Alan Wilson, Bishop of Buckingham, notes that though in places the numbers attending church are rising, the congregations are also 'greying'. The median age of the Anglican Church is now 62, which implies that in 20 years’ time about 50% of the people currently attending church will be dead.

bishop wilson

The church is being pulled towards being the 'repository of the morals' of people of the 1950s generation, with a consequent failure to connect with younger people, i.e. there is a major 'values gap'. Pleasing those who attend church today may repel those who don't.

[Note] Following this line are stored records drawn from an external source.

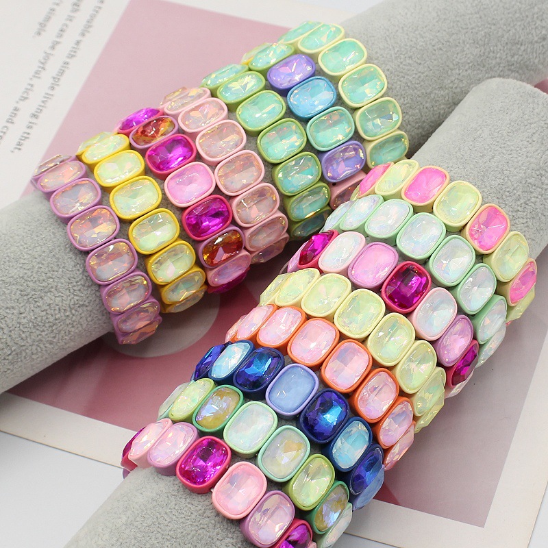 tiktok跨境temu专供摩卡水晶弹力袖口搪瓷手镯情侣橡筋小号方框
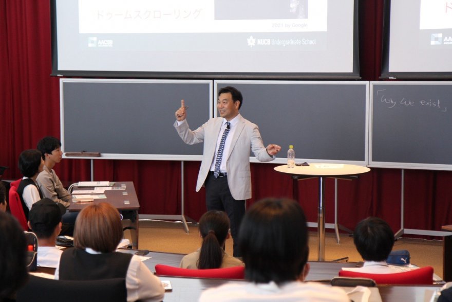 三大国際認証(AACSB、EQUIS、AMBA)全てを取得した国内唯一の教育課程である名商大のMBA教育。今回のオープンキャンパスでは、名古屋商科大学の教育について、横山研究科長(元APU副学長)と栗本博行学長による特別講演を開催。探究型学習としてのケースメソッドに加えて、世界標準の経営教育についてのご紹介しました。
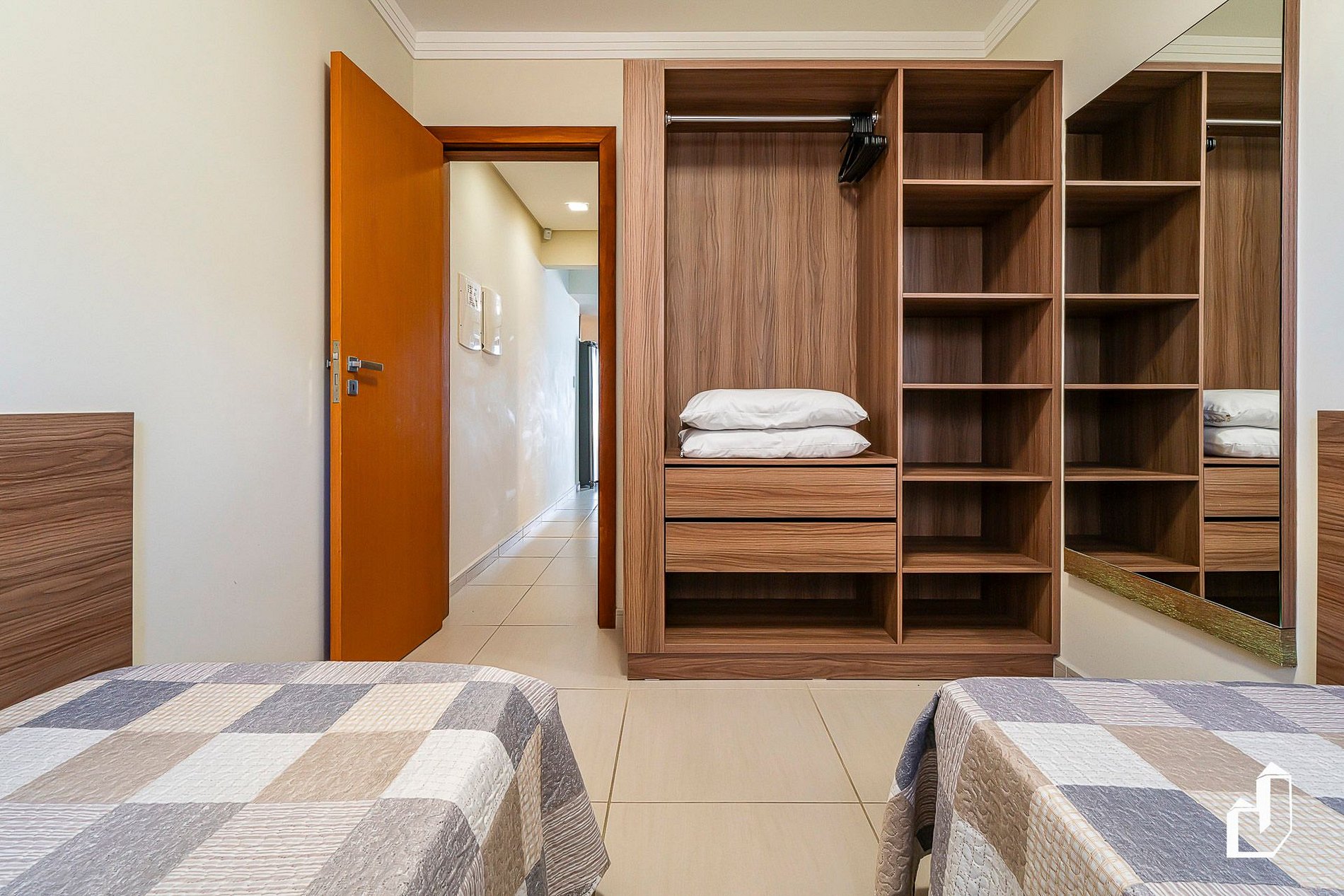 01 dormitório com duas camas de solteiro + 01 cama de solteiro auxiliar com ar-condicionado quente/frio;

Liz Oldfield of the ecumenical think tank, Theos, which reviews the position of religion in society, feels that any kind of values gap between church and society at large is not the key problem causing the number of worshippers to decline. She points out that in Sweden and the USA, churches have been much quicker to follow the changing attitudes of society but their church numbers have declined at least as much as elsewhere. Evangelical churches can decline too.

Bishop Wilson states that most people have a curiosity about faith. Churches need to address that feeling, not by being dogmatic, but rather by being inclusive.

carols at holy trinity brompton

Holy Trinity Church in Brompton, London, is held up as an example of a thriving, growing church. Yet, it has been accused of being both conservative and touchy-feely. According to Oldfield, success is not about doctrinal position, it's about 'tone' and approach.

The church must be open. It can even be evangelical-conservative, but it must still downplay what it asserts on sensitive subjects -- it would be well advised not even to try to pronounce on them.

Diarmaid MacCullough, Professor of the History of the Church, at Oxford University , finds that it is the churches which quietly accommodate society's evolving moods and beliefs that succeed: that pragmatism is what matters.

Many or most people today still believe in 'God', but outside of church buildings and doctrine, which implies that a church must demonstrate that it is more than its buildings and more than its leaders' pronouncements.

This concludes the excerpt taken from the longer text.